Extended Data Fig. 5. α5V3 pocket versus α1β3γ2 receptors and diazepam and DMCM binding impact.

Extended Data Fig. 5

a, Overlays of the α1β3γ2 receptor at the α1-γ2 binding pocket for apo (dark grey) versus diazepam-bound (DZP; α1 principal face in pink and γ2 complementary face in pale yellow), showing that the pocket is highly similar. b, Equivalent view, but overlay of α1γ2-apo (dark grey) versus α5V3-apo (light grey), showing that pocket is also highly similar. The relative upward position of α5V3-apo Y49 versus α1γ2-apo Y58 is indicated (blue arrow). c, Overlay of α1γ2-DZP (pink/pale yellow) versus α5V3-apo (light grey), with the relative upward position of α5V3-apo Y49 versus α1γ2-DZP Y58 indicated (blue arrow). d, Overlay of α5V3-DZP (red/yellow) versus α5V3-apo (light grey), showing that the pocket is highly similar but binding of diazepam has caused displacement of Y49 by 2.3 Å (blue arrow). e, Overlay of α1γ2-DZP (pink/pale yellow) versus α5V3-DZP (red/yellow), showing that the downward displacement by DZP on Y49 means it now matches the position of Y58 in the α1-γ2-DZP pocket. f, Cryo-EM map of α5V3-DMCM showing the fit of the DMCM molecule into the density. The isosurface level of the protein and ligand are the same.
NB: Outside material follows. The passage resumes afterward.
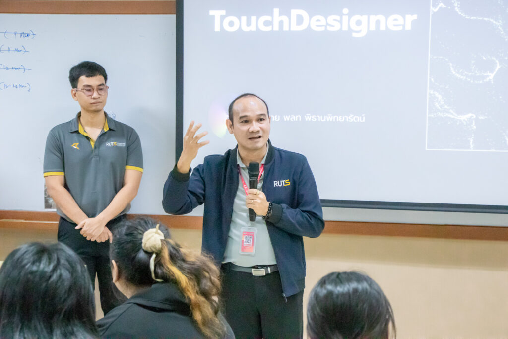 ได้รับเกียรติจาก ผู้ช่วยศาสตราจารย์ไชยะ ธนพัฒน์ศิริ คณบดีคณะครุศาสตร์อุตสาหกรรมและเทคโนโลยี เป็นประธานเปิดโครงการ พร้อมด้วยคณาจารย์และผู้เข้าร่วมการอบรมเข้าร่วมกิจกรรม โดยมี นายพลท พิธานพิทยารัตน์ เป็นวิทยากรให้ความรู้ด้านการออกแบบสื่อปฏิสัมพันธ์และการสร้างสรรค์สื่อดิจิทัลด้วยโปรแกรม TouchDesigner

Shown from two viewing angles. g, Structural model overlay of α5V3-apo (grey) versus α5V3-DMCM showing that Y49 does not need to move to accommodate DMCM binding. Note: The structural model of the α1-γ2-apo pocket is from the α1β3γ2 receptor bound by antagonist bicuculline, PDB 6HUK; α1γ2-DZP is from α1β3γ2 receptor bound by GABA and diazepam, PDB 6HUP. For reference, equivalent complementary face residue numbering of α5V3 Y49, A70, T133, in wild type γ2 is Y58, A79, T142 respectively.